The project—the Checkoff’s U.S. Beef Sustainability Project—is led by Dr. Kim Stackhouse-Lawson, director of Sustainable Research for NCBA. The general objectives of the project are and have been to define sustainability in workable terms and identify relevant facets under that definition, measure those facets in both past and current beef production, and develop an assessment tool for the industry. Ideally, this tool will help individual producers make more efficient and sustainable management decisions.
The project is broken down into three areas. The first and already completed portion was the process of defining sustainability. By surveying beef industry stakeholders—producers, packers, foodservice representatives, academics, and more—researchers identified key values involved with the concept of “sustainability.” Primary among these were reductions in environmental impacts, the economic stability of the industry, and improvements in social responsibility to communities.
The second portion of the project, which is nearing completion and is easily the most complex, is the measurement portion. Researchers have been combing through mountains of data trying to identify all the ways in which beef production impacts the natural, financial and social environment it occupies. Research teams have examined data from the mid-1970s, the early-2000s, and present day to get a sense of where the industry has been and where it is now.

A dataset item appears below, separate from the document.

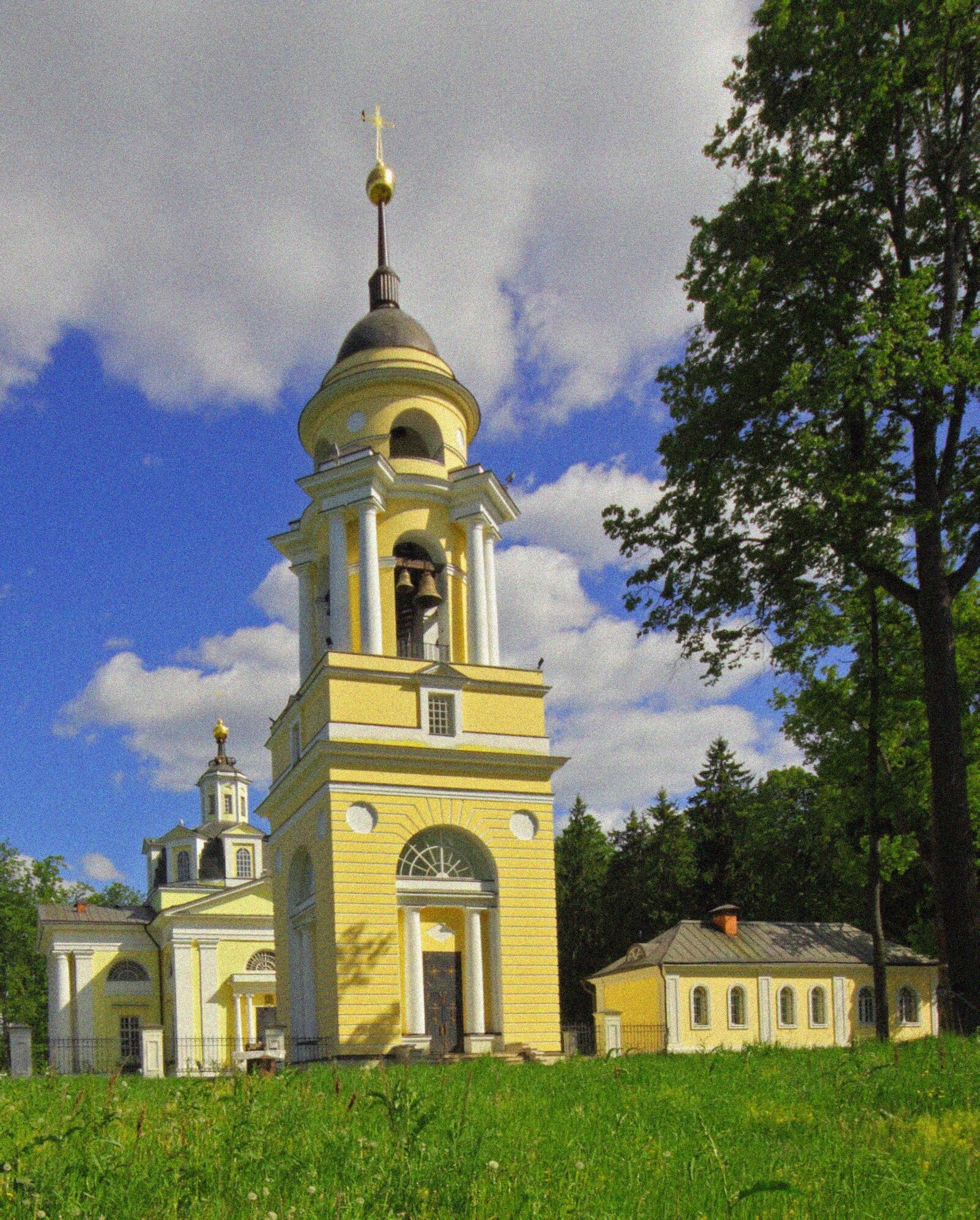 Церковь окружена ухоженной территорией с зелёными насаждениями, что указывает на её сохранность и действующий статус. Ясный солнечный день и лазурное небо с лёгкими облаками подчёркивают величие архитектурных форм и деталей, позволяя рассмотреть всю красоту православной святыни. На заднем плане просматриваются другие строения, исторически входившие в комплекс усадьбы Прозоровских.

The final portion of the project, which is already underway, takes the definitions of the first portion and the data of the second portion and tries to create an assessment tool for producers. The assessment tool would provide a means of science- and data-backed prediction of the environmental and economic impact of particular management practices.
Defining “sustainability” was necessary before the project could progress. A stakeholder survey was conducted asking various members of the beef industry all along the production chain to define what sustainability meant for them.
Stackhouse-Lawson pointed out that of the 50 survey respondents, there were 50 different definitions. She agreed that the issue of sustainability is a personal thing to different people.
“That’s one of the reasons doing the stakeholder survey was so important. We needed to recognize others have different definitions and that it is a personal, emotional thing.”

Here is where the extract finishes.